Aim of the exercise: Include in the reply only the lines from the start of the data below through the line containing "天寿荘では、海苔を砕いてまぶし食べやすく工夫しています。", reproduced exactly and with no pictures.

Dataset records:

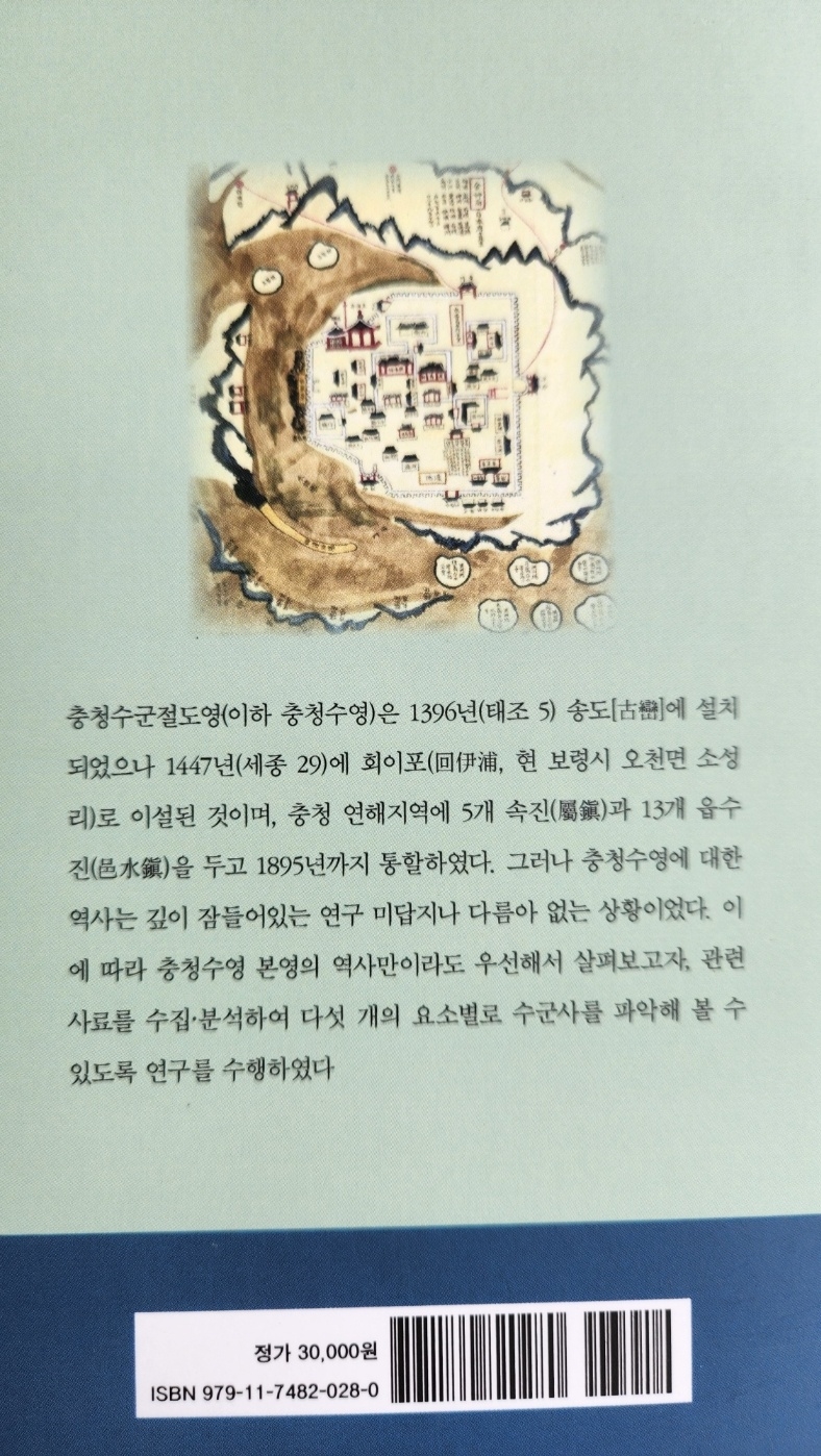 이 책은 조선시대 충청도 해역을 관할하던 충청수영(忠淸水營)의 역사와 조직 체계를 심층 분석한 연구서로,
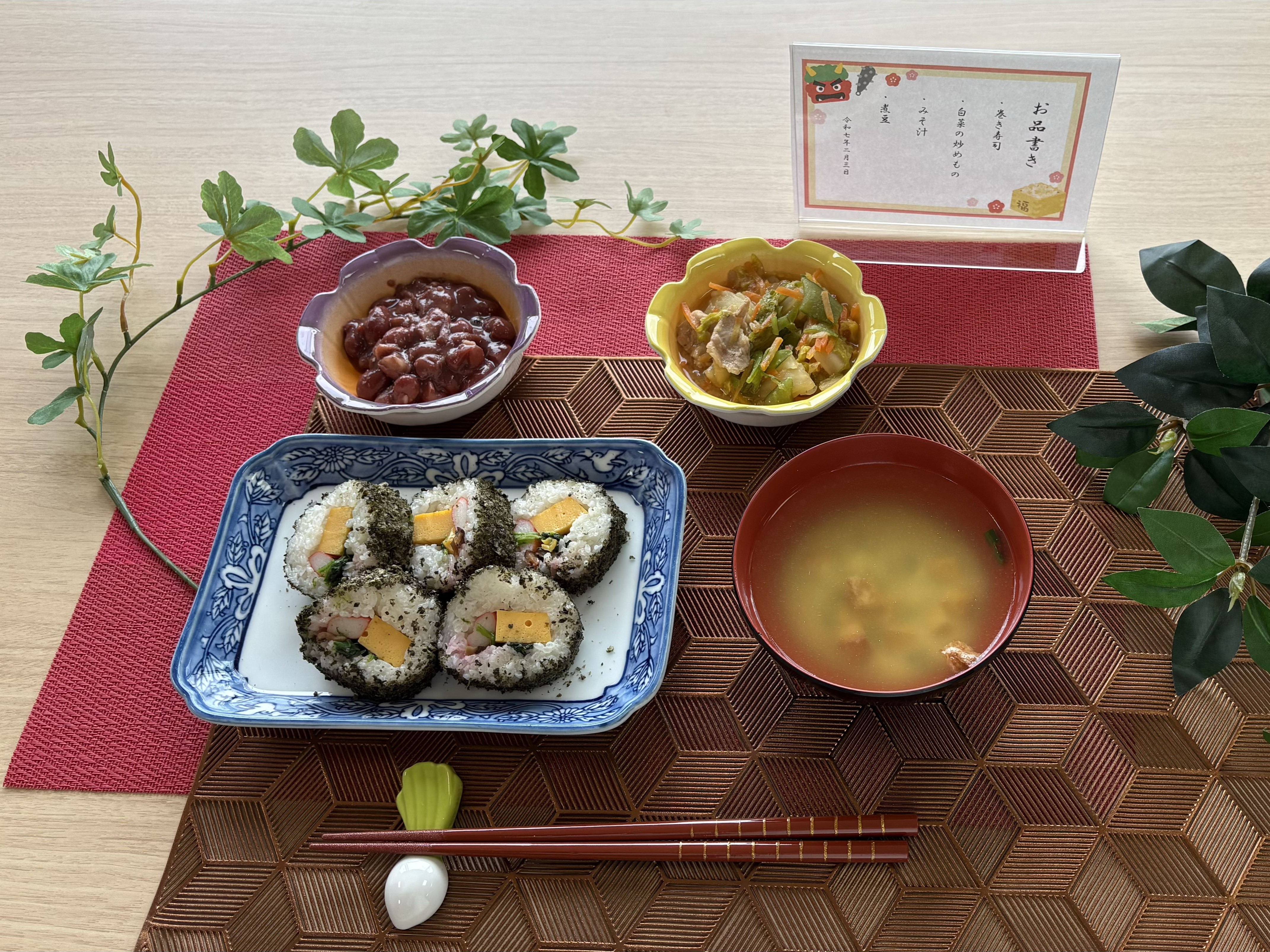天寿荘では、海苔を砕いてまぶし食べやすく工夫しています。
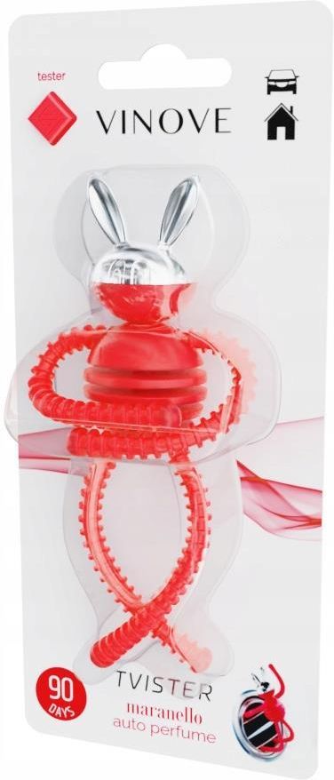 VINOVE - EKSKLUZYWNE PERFUMY SAMOCHODOWE Nowa marka perfum samochodowych, stworzona przez polskich pasjonatów we współpracy z francuskimi mistrzami sztuki perfumeryjnej i włoskimi projektantami oraz naukowcami. Do ich stworzenia zastosowano technologię XXI wieku. Wykorzystując wiedzę, otwartość i doświadczenie zespołu naukowców i wspólnie z nimi udało się skondensować zapachy w nowatorskim polimerze. Nadano mu taki kształt, by powietrze z wywietrzników samochodowych delikatnie opływało polimerowy labirynt, uwalniając zapach subtelnie i długotrwale – aż do 90 dni. Projektując nośnik zapachu brano pod uwagę przede wszystkim jego walory użytkowe: długotrwałość uwalniania zapachu, bezpieczeństwo dla tapicerki i kokpitu samochodu, a także ekskluzywny wygląd, współgrający ze stylistyką nowoczesnych aut. Rodzaj - WOMEN’s fragrances Kolekcja - TVISTER Zapach - MARANELLO Trwałość - 90 dni Tvister to technologiczna nowość – połączenie zapachu i designerskiego ludzika, to pierwszy produkt na rynku, który przybiera taki kształt, jaki Klient sobie wymyśli. Ty decydujesz jak Twój Tvister ma wyglądać w kratce wentylacyjnej, szafie czy na biurku Kreatywny produkt – wymyśl pozycję i ciesz się zapachem Tvister to wyrób pasujący do wszystkich kratek wentylacyjnych w samochodach Pachnie do 90 dni dzięki specjalnie zaprojektowanej, maksymalnej powierzchni oddawania zapachu Maranello to zapach przepełniony energią, emocjami i tajemnicą. Przywodzi na myśl wspomnienia bezsennych nocy, szaleńczych wypraw, niekończących się podróży. Łączy w sobie dojrzałość wanilii, subtelność delikatnych kwiatów jaśminu oraz energię pomarańczy… Ten zapach jest kobietą. Nuta głowy: pieprz, mandarynka, gruszka Nuta serca: kwiat pomarańczy, jaśmin Nuta bazowa: kawa, wanilia Wymyślone we Francji. Zaprojektowane we Włoszech. Wyprodukowane w Polsce (według niemieckich norm jakościowych).
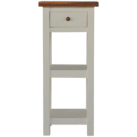This petite contemporary style 100% solid mango wood End Table is simple but attractive with an oak-ish finish. This product is artistically handcrafted in a country style using wooden pegs, grooves and bread board joints. As a center piece to the sitting room, this coffee table can’t be beaten with its country style and versatile design, which comes with chunky hand turned legs.
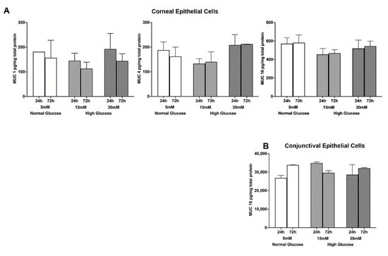Next, we tested the effect of a high glucose level on mucin protein expression. A high glucose exposure at a 15 mM concentration caused a notable decrease in MUC 1, MUC 4, and MUC 16 protein levels in the corneal epithelial cells, but the results were not statistically significant. It is worth noting that our ELISA method did not detect MUC 1 and MUC 4 protein levels in conjunctival epithelial cell lysates. It should also be noted that a 100-fold higher level of MUC 16 was detected in conjunctival epithelial cells compared to corneal epithelial cells. Furthermore, a high degree of glucose exposure did not cause any notable change in MUC 16 protein expression in conjunctival epithelial cells (Figure 2A,B).
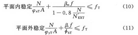 火灾下压弯钢构件绕强轴x轴弯曲和绕弱轴y轴弯曲时的稳定性应分别按下列公式验算:

Solution to this problem:
 이 책은 조선시대 충청도 해역을 관할하던 충청수영(忠淸水營)의 역사와 조직 체계를 심층 분석한 연구서로,
天寿荘では、海苔を砕いてまぶし食べやすく工夫しています。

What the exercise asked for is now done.